Observing that similar ovariole numbers have evolved independently in distinct Drosophila lineages, we asked whether this convergent evolution was due to changes in the same or different developmental processes. We discovered that similar ovariole numbers were achieved via distinct developmental mechanisms in different lineages. By using our developmental data to re-examine previous quantitative genetic data on ovariole number variation, we uncovered genetic regulators of ovariole number including the Drosophila Insulin-like receptor (InR), Hippo signaling pathway members, and the transcription factor bric-a-brac. We showed that the developmental processes underlying ovariole number are genetically separable.

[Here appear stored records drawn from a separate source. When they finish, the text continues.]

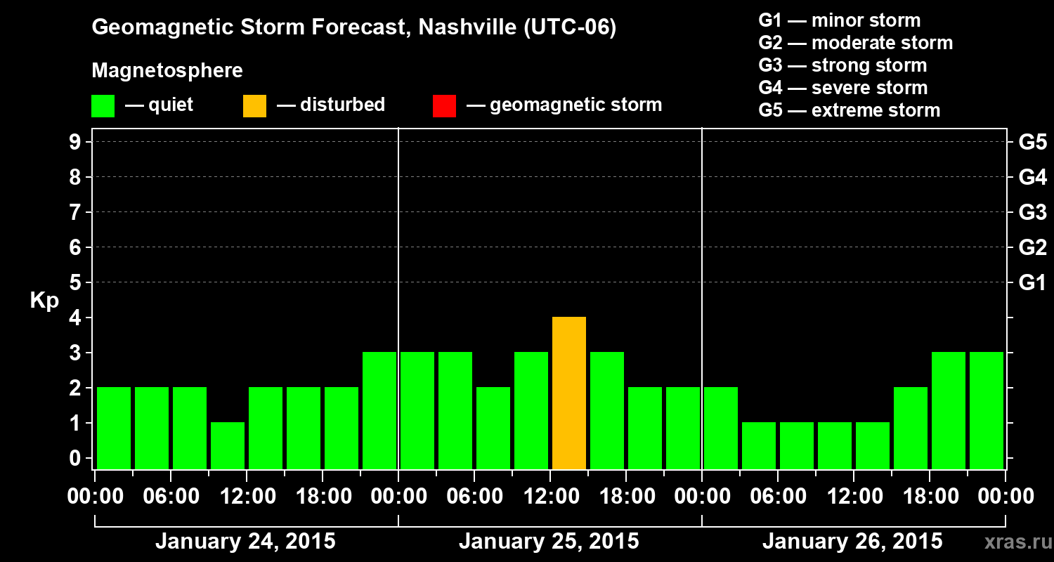 Geomagnetic storm forecast in Nashville for Jan 24, 2015
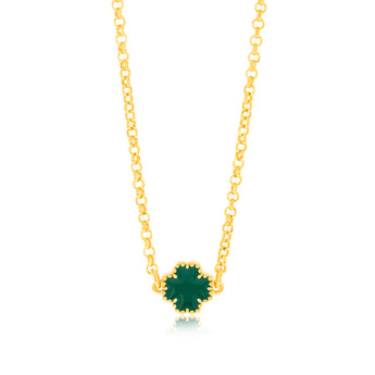 Sterling Silver Gold Plated Green Four Leaf Enamel Flower Pendant On chain
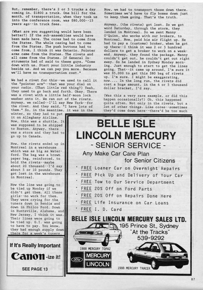 But, remember, there's 2 or 3 trucks a day coming in. $1800 a truck. One bill for the month, of transportation, when they took us into the conference room, was $80,000--15 years ago--in truck fees. (What are you suggesting would have been better?) If the sub-assemblies would have been made here. The cores had to come from the States. The whole casing had to come from the States. The push buttons had to come from, I think it was Ontario. Pointer arms came from the States. The rivets and all came from the States. If General In? struments had of said to these guys, "Come down with us. Start your little industry beside us. And we can pay you more. Because we'll have no transportation cost." We had a rivet for this--we used to call it the "pointer arm"--that was your dial on your radio. (That little red thing?) Yeah, they used to go back and forth. Okay. There was a rivet with a little half-moon lock washer onto it. We ran out of the rivets. Anyway, we called--I'11 say New York--for the rivet. And they said, "I have lots of them." So, in the meantime, it was in the winter, so they had to put it on Alleghany Airline. Now, this was a shuttle. It was supposed to be shipped to Boston. Anyway, there was a storm and they had to go up to Canada. Now, we had to transport those down there. Sometimes we'd have to fly boxes down just to keep them going. That's the truth. Anyway, (the rivets) got lost. So we got word Saturday, through the storm, they landed in Montreal. So we sent Manny O'Quinn, who works with our brokers, to Montreal. Now, paid his air flight up. He had to pay a (customs) broker, when he got up there--I think it was 2 or 3 hundred dollars to get a broker to work on a week? end. Anyway, they found the package. Manny couldn't get out, he couldn't get out right away. So he landed in Sydney Monday morn? ing. Just enough to start to get the lines going. That--it came up around, I'm sure it was $5,000 to get this $80 bag of rivets up. I'm sure. I might be exaggerating, now.... In the long run, the rivets did cost a huge amount, in the 4 or 5 thousand dollar bracket, I'd say. (Was this a very rare example, or did this happen occasionally?) Oh, this happened quite often. Not only in the rivets, but a lot of other things. Like cores--sometimes they'd come down here--there'd be too much Now, the rivets ended up in Montreal in a warehouse which was as big as Water? ford. The bag was a brown paper bag, reinforced, to hold the rivets--maybe about 20 thousand--I'd say about 5 or 10 pounds. They got lost in the warehouse in Montreal. Now the line was going to be tied up Monday if we didn't get them. All these girls--no work for them. They were crying for the tuners down in Bendix and down in Philco Ford. Down in Huntsville, Alabama, and New Jersey, I think it was. Their lines were going to be tied up. G.I. was going to have to pay. You know, they had enough supply down there for a week's tuners If It's Really Important Canon ize it! SEE PAGE 13 BELLE ISLE LINCOLN MERCURY -SENIOR SERVICE ~ Any Make Car Care Plan for Senior Citizens * FREE Leaner Car on Overnight Repairs * FREE Pick Up and Delivery of Your Car • FREE Tow to Our Service Department • FREE 20% Off on Ford Parts • FREE 20% Off on Repairs Done Here * FREE Life Insurance on Car Loans : FREE I. D. Card BELLE ISLE LINCOLN MERCURY SALES LTD. 195 Prince St., Sydney 'At the Tracks" 539-9292 1988 MERCURY TOPAZ MERCURY UNCOLN 1988 MERCURY TRACER
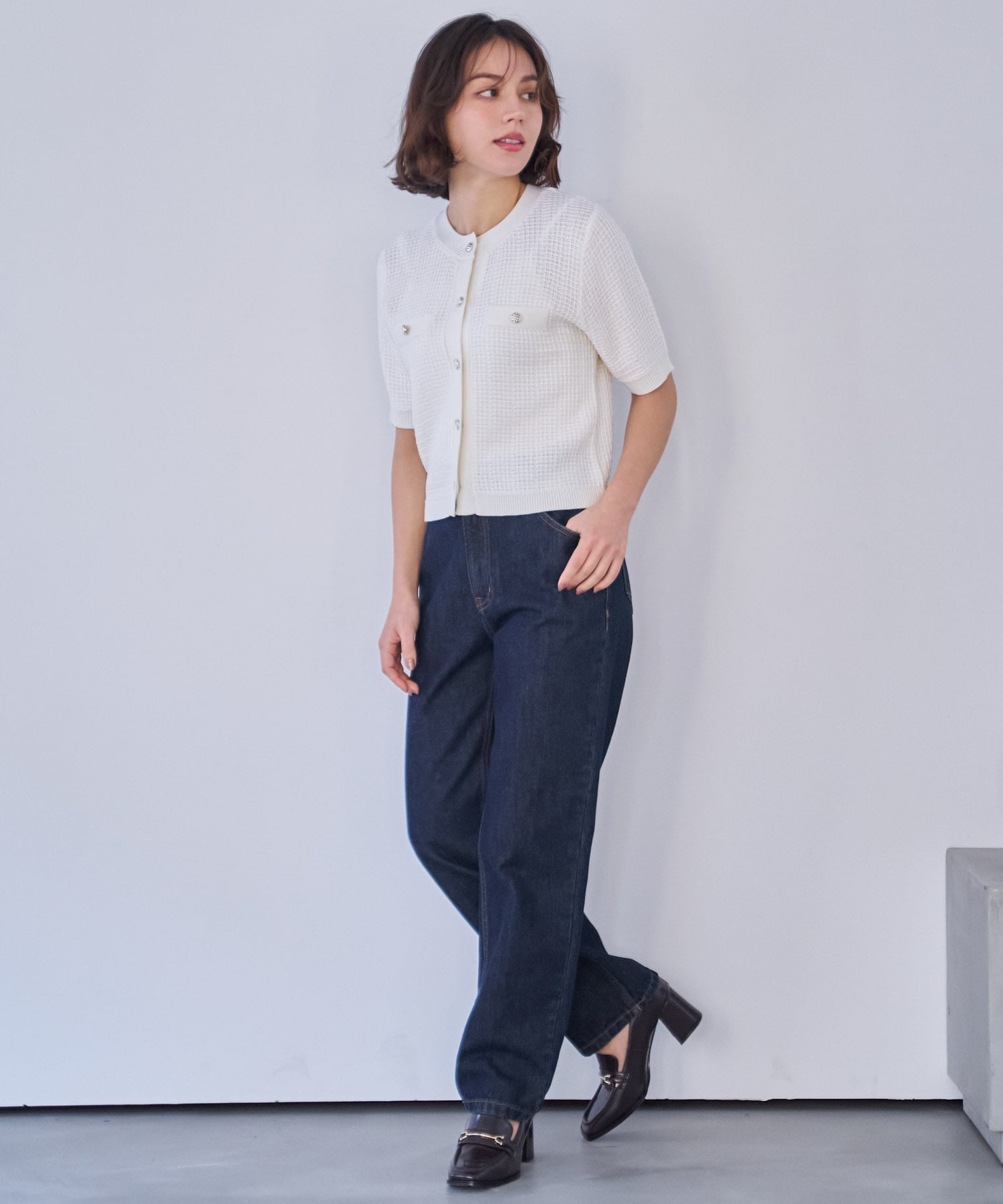 Джинсовые брюки с чистым, прямым силуэтом.
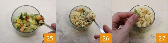 Puis recouvrez avec une deuxième couche de légumes 25 et terminez en recouvrant la surface de crumble salé 26. Le crumble de légumes est prêt, décorez-le avec un brin de romarin 27, mettez-le au réfrigérateur jusqu'au moment de servir et dégustez-le à température ambiante.
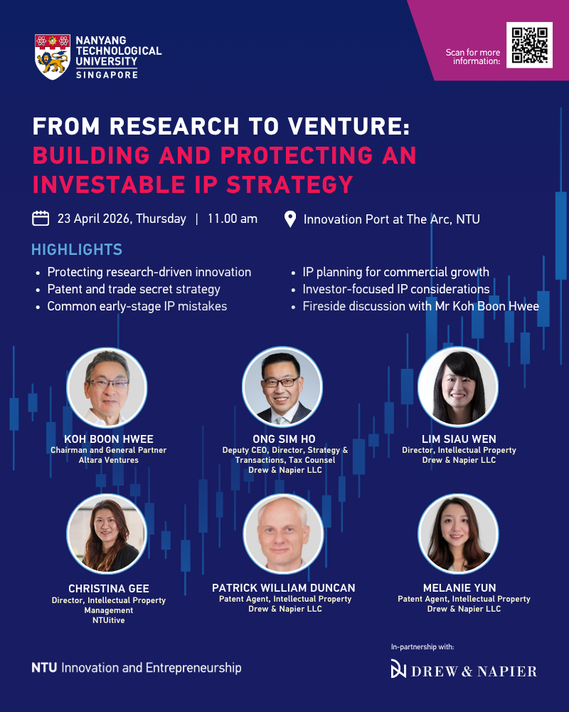 Join us for this MakanNight! Talk session as we explore how intellectual property shapes the journey from research to commercialisation. Learn how early IP decisions influence funding, valuation, ownership, and long-term growth, and gain practical insights on navigating patents, trade secrets, and investor expectations.
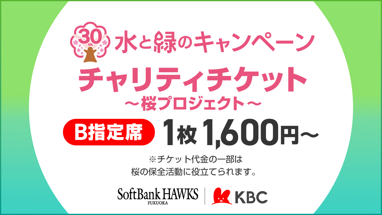 今年で30回目となる、KBC九州朝日放送「KBC水と緑のキャンペーン」のタイアップ企画として、4月5月の試合(弊社指定)が最大36%OFFで楽しめる、チャリティチケットを販売します。チケット代金の一部は桜の保全活動に役立てられます。数限定販売につきご購入はお早めに!
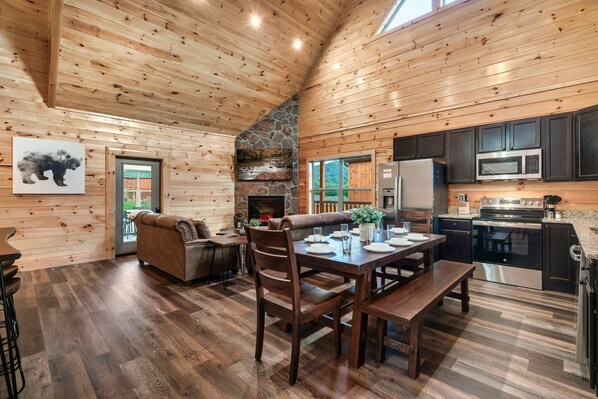 A dining table with 2 chairs and 2 benches in the kitchen can fit 8 people. There is also a table behind the sofa that can fit three additional people and a similar table in the loft for three people. The open dining area and a fully equipped kitchen provide for wonderful space for family gatherings. Appliances, pots, pans, cups, plates, utensils, drip/pod Keurig coffee maker.
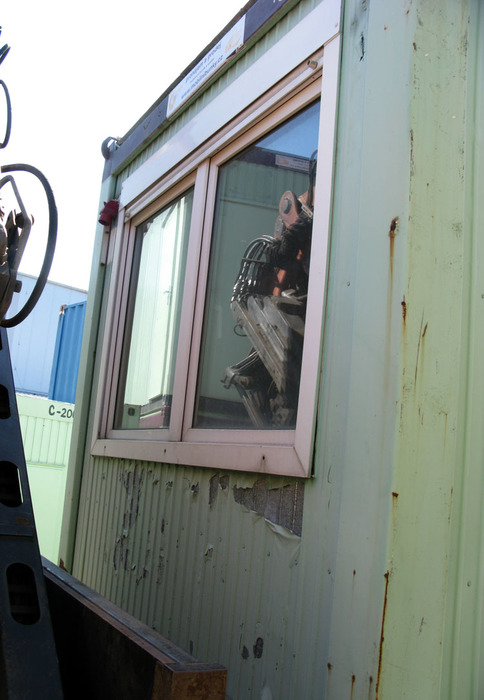 Konstrukce je tvořena samonosným ocelovým rámem, vnější plechy jsou pozinkované a lakované zelenou barvou, interiér lamino desky ve světlé barvě, je tepelně izolovaný, podlaha lino, plastová okna, plechové vstupní dveře, elektroinstalace, jističe, osvětlení, vypínače, zásuvky. Kontejner má technické závady, patrné z fotodokumentace. Tento obytný kontejner má za vstupními dveřmi malé zádveří, pro úsporu vytápění v zimním období.
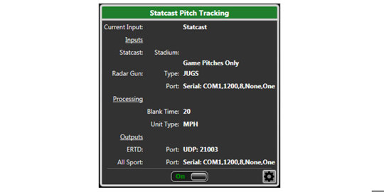 The Statcast Pitch Tracking Interface for Data Server receives MLB pitching information from the third-party Statcast system and automatically formats the data to be shown on Daktronics displays. This Data Server module also allows switching to backup radar guns to show speed of pitch for non-MLB games or if the Statcast system is down.
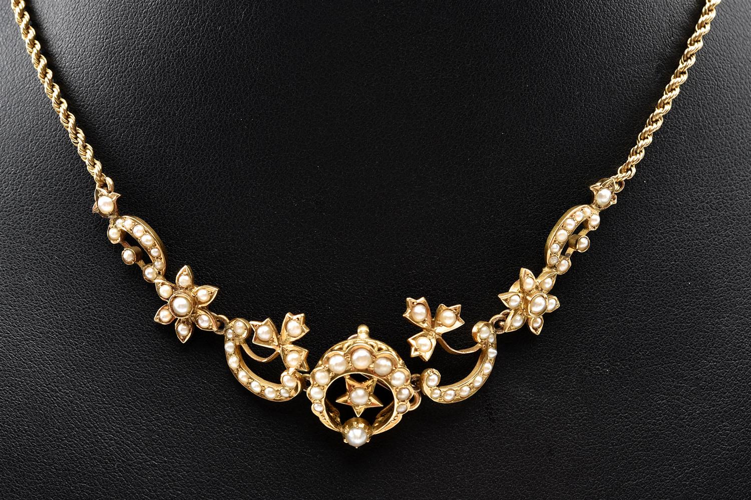 AN AUSTRALIAN ANTIQUE SEED PEARL NECKLACE IN 15CT GOLD, HALLMARKED, (A/F)
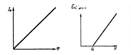 где е — заряд электрона, n — число электронов, попадающих Законы внешнего фотоэффекта. Приведем три основных I. При постоянном спектральном составе потока излучения Iн = γ·Ф, (2) γ - называют интегральной чувствительностью фотокатода. Зависимость (2) называется люкс-амперной характеристикой фотоэлемента, график ее представлен на рис. 3. Закон был
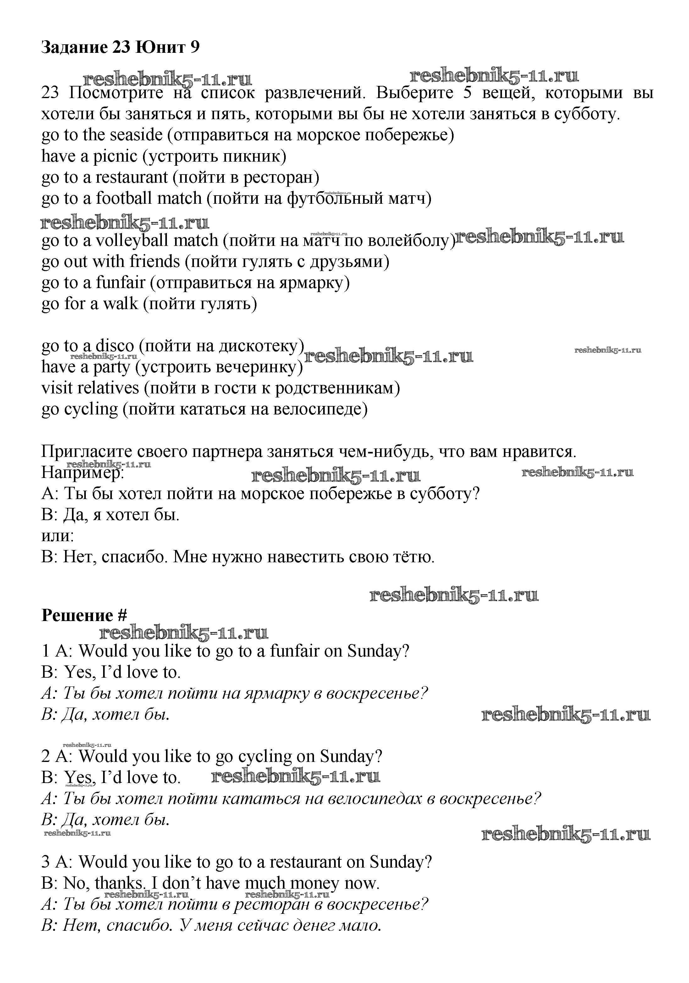 Готовая домашняя работа с ответами по Английскому языку за 7 класс Вербицкая, Гаярделли, Редли, Миндрул, Савчук Учебник Forward Часть 1, 2 Вентана-граф 2017 ФГОС - Unit 9. Free time 23
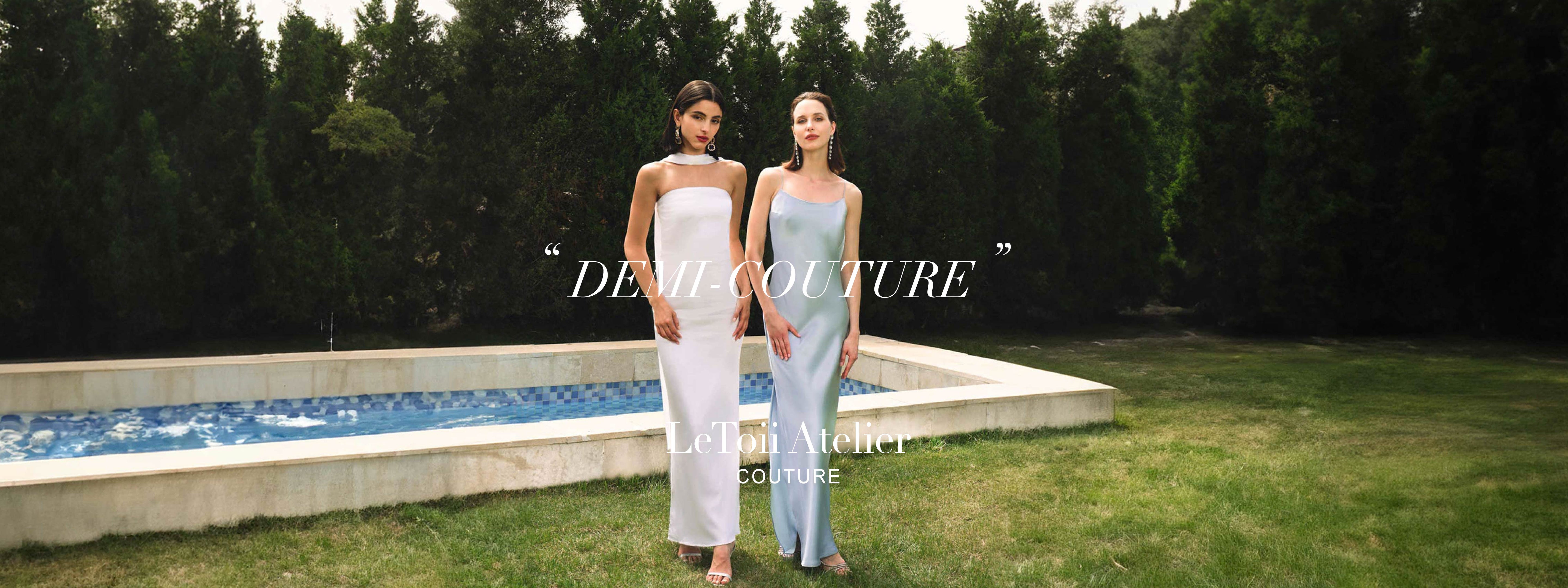 At LETOII ATELIER, we blend the artistry of French haute couture with Eastern and Western aesthetics to create timeless, personalized gowns. Our new "Demi-Couture" collection combines the exclusivity of custom tailoring with the practicality of daily fashion, making elegance an everyday affair.
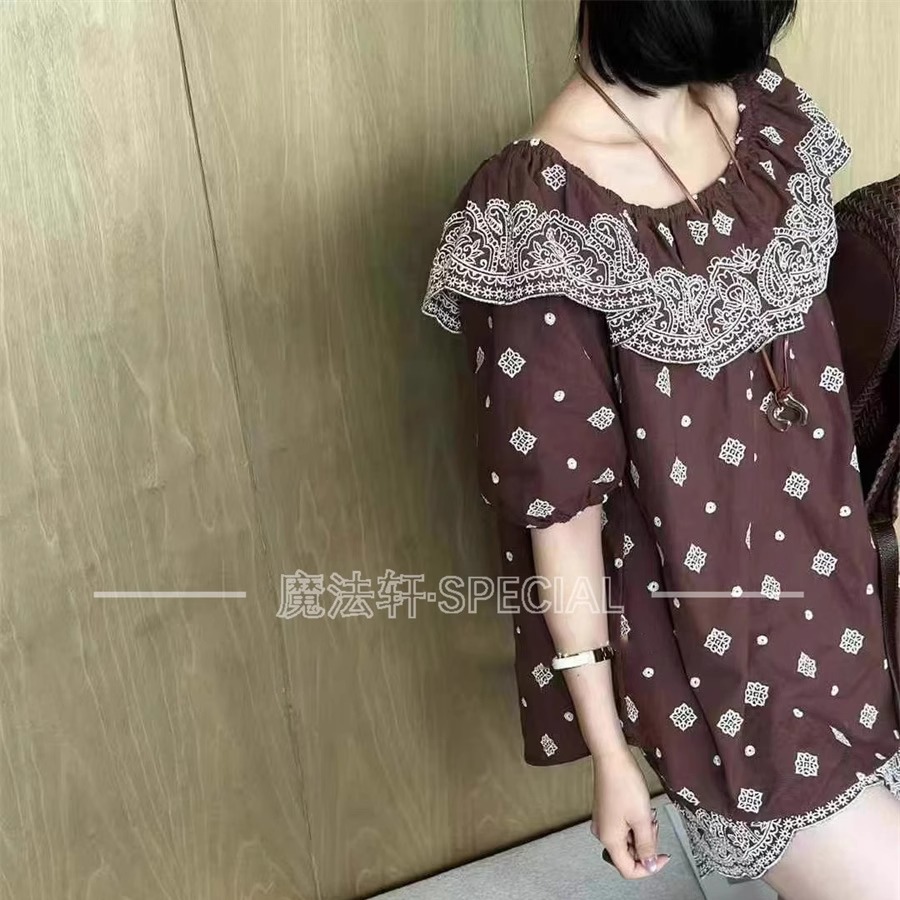 Fabrique蓝月光宫廷谧境法式纯棉刺绣泡泡袖衬衫上衣短裙套装女装
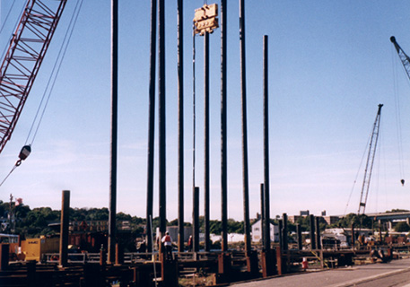 New London, CTThe scope of this marine construction project included the demolition and replacement of the west side of the State Pier, an 1100' by 70' commercial pier in New London Harbor. The work included riprap and rock walls, placing large broken stone on earth surfaces for protection against the action of water, erosion protection, harbor structures, roadway systems, underwater construction, underwater utilities, pile driving and extraction, repair and demolition of piers, bulkheads, reinforced concrete, precast concrete, fender systems, mechanical work, electrical work, brick paving, waterproofing, cathodic protection work, and sitework. The new cast-in-place concrete deck is supported by a network of 337 steel piles, each pile is 18 inches in diameter and 140 feet long. The piles were driven through 8 to 15 feet of riprap and had a 3-inch tolerance for alignment at the cut-off elevation.

In our recent work on the molecular mechanisms of interspecies ovariole number variation, we have found that evolution of insulin signaling underlies not only divergence, but also differential plasticity of ovariole number between D. melanogaster and D. sechellia. Our results suggest how differential phenotypic plasticity may explain observed patterns of ovariole number variation in different insects.
Our current work in this area focuses on identifying the genetic basis of ovariole number variation in African Drosophilids. In addition, we have begun work on the relationship between ecological niche and ovariole number variation in Hawaiian Drosophilids. These Hawaiian fruit flies have extreme ovariole numbers, ranging a full order of magnitude above and below those observed for African fruit flies. Ovariole number is also correlated with the relative abundance of larval nutrition. We are examining the developmental basis of ovariole number determination in this diverse group of species.